— Exercise —
Only the lines below from the one with "Get ready to" through the one with "For each enabled/assigned" are to be written out, exactly and without any images.

Top of Provided records

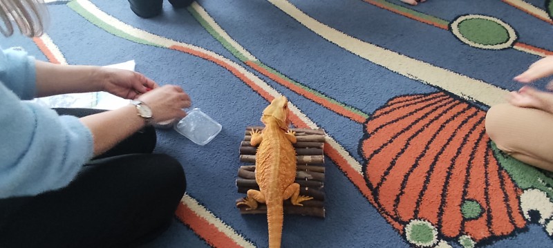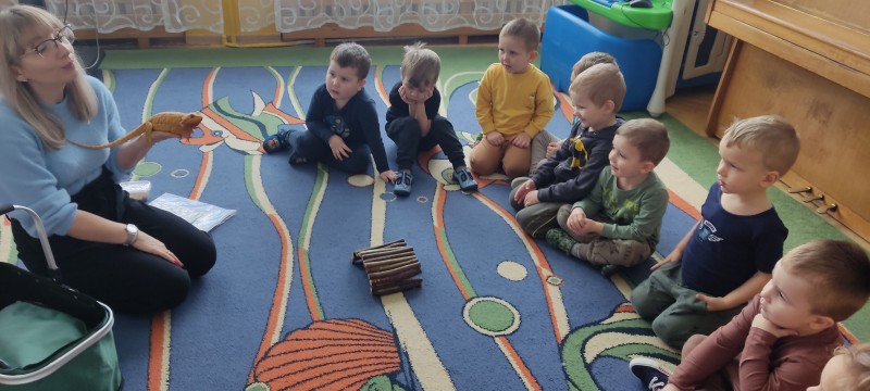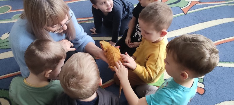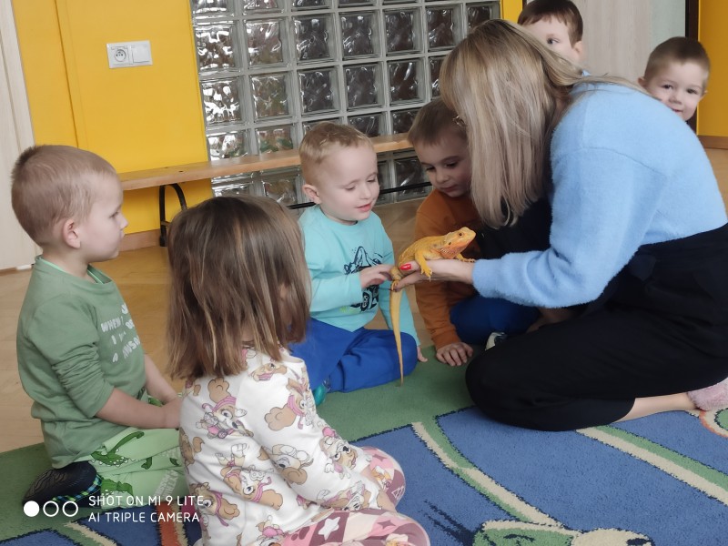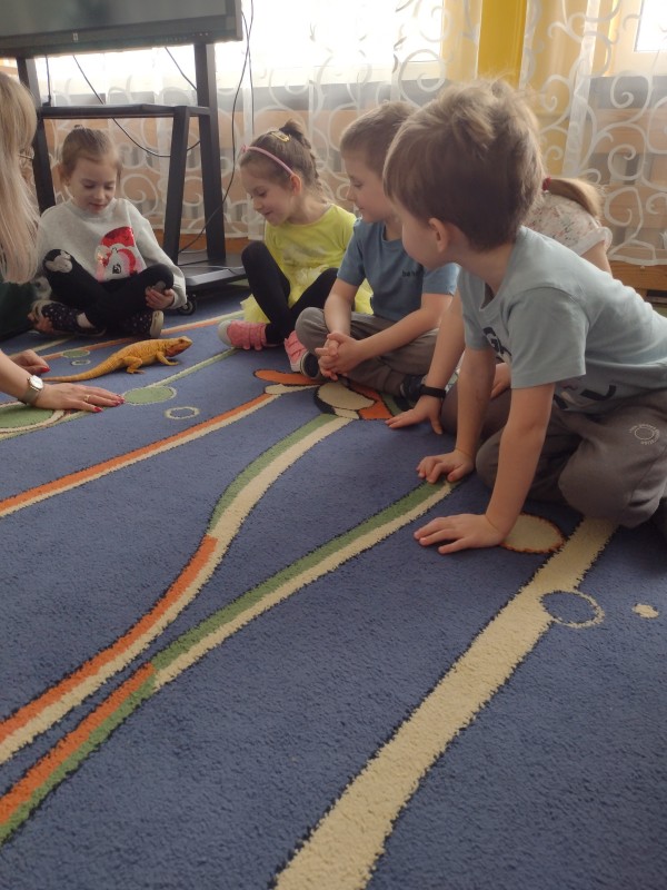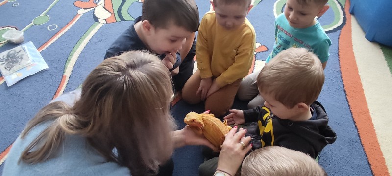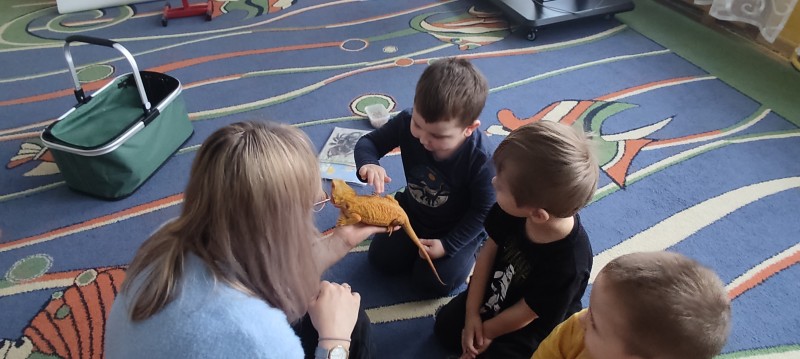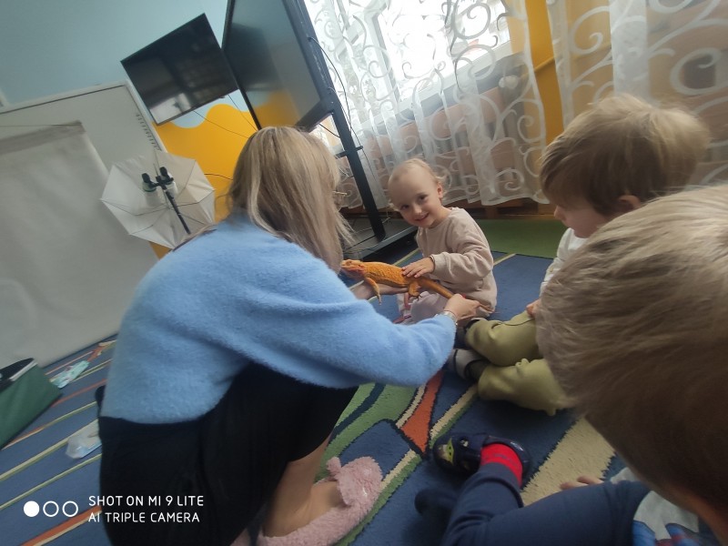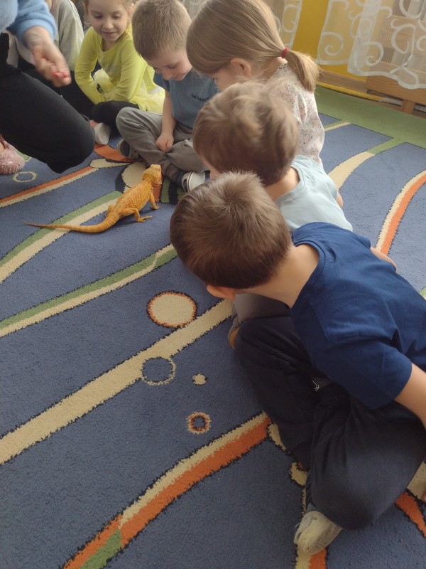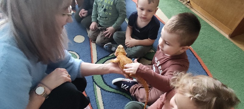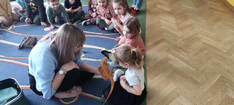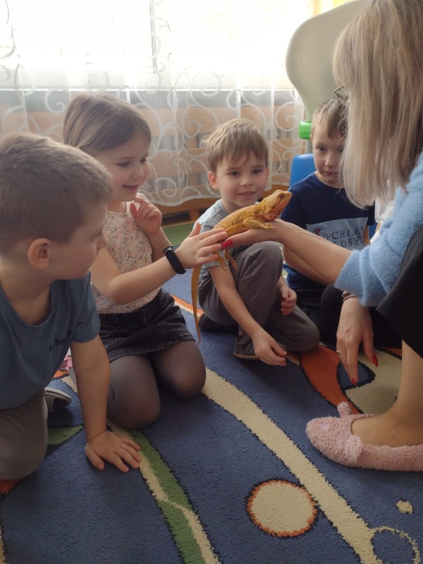 W dniu dzisiejszym nasze przedszkole odwiedzili nietypowi goście - Agama Brodata wraz z opiekunką. Opiekunka jaszczurki opowiedziała dzieciom o zwyczajach jej podopiecznej, trybie życia, a także wiele ciekawostek na temat jaszczurek. Przedszkolaki z ogromnym zaciekawieniem słuchały wykładu. Wszystkie dzieci mogły pogłaskać Agamę i przyjrzeć jej się z bliska. Na koniec oczywiście były pamiątkowe zdjęcia portretowe.
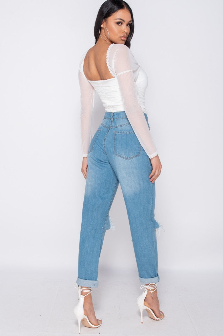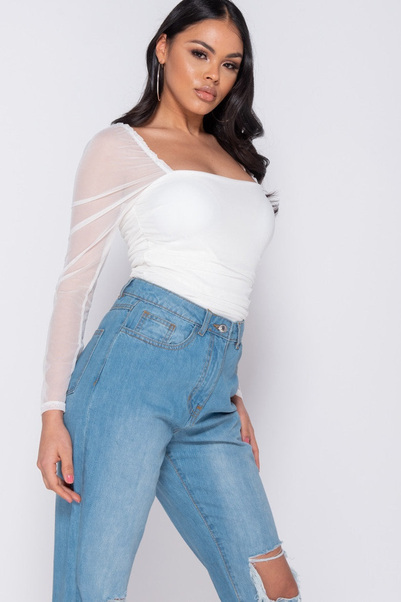 Cream Ruched Sheer Puff Sleeve Bodysuit
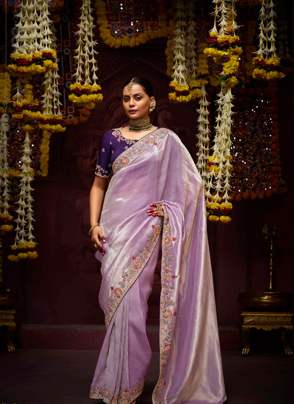 Get ready to dazzle in this stunning Nakshatra Lavender Banarasi Kanjivaram Designer Saree! Made with premium quality fabric, this saree features exquisite embroidery work, a beautiful butti border, and a heavy designer blouse. The pure Banarasi kanjivaram fabric is adorned with hand embellishments including pearls, khatli, zari weaving, sequins, and stones. The tassle pallu adds the perfect finishing touch. Stand out at weddings, parties, or any special occasion with this unique and gorgeous saree! Note: Color may slightly be different from the actual item due to photographic lighting sources or the monitor's settings.
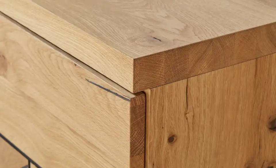 - Mehr zu MaterialKorpus und Front aus Holzwerkstoff furniert in Wildeiche geölt
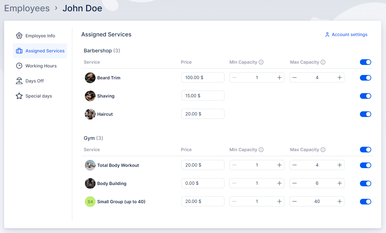 For each enabled/assigned service, you can set a specific minimum and maximum capacity for the employee.
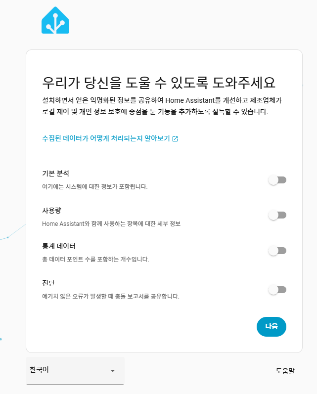 처음 설치하는 것이니 "나만의 스마트 홈 만들기" 클릭합니다.

Bottom of Provided records

— Solution for this exercise —
 Get ready to dazzle in this stunning Nakshatra Lavender Banarasi Kanjivaram Designer Saree! Made with premium quality fabric, this saree features exquisite embroidery work, a beautiful butti border, and a heavy designer blouse. The pure Banarasi kanjivaram fabric is adorned with hand embellishments including pearls, khatli, zari weaving, sequins, and stones. The tassle pallu adds the perfect finishing touch. Stand out at weddings, parties, or any special occasion with this unique and gorgeous saree! Note: Color may slightly be different from the actual item due to photographic lighting sources or the monitor's settings.
 - Mehr zu MaterialKorpus und Front aus Holzwerkstoff furniert in Wildeiche geölt
 For each enabled/assigned service, you can set a specific minimum and maximum capacity for the employee.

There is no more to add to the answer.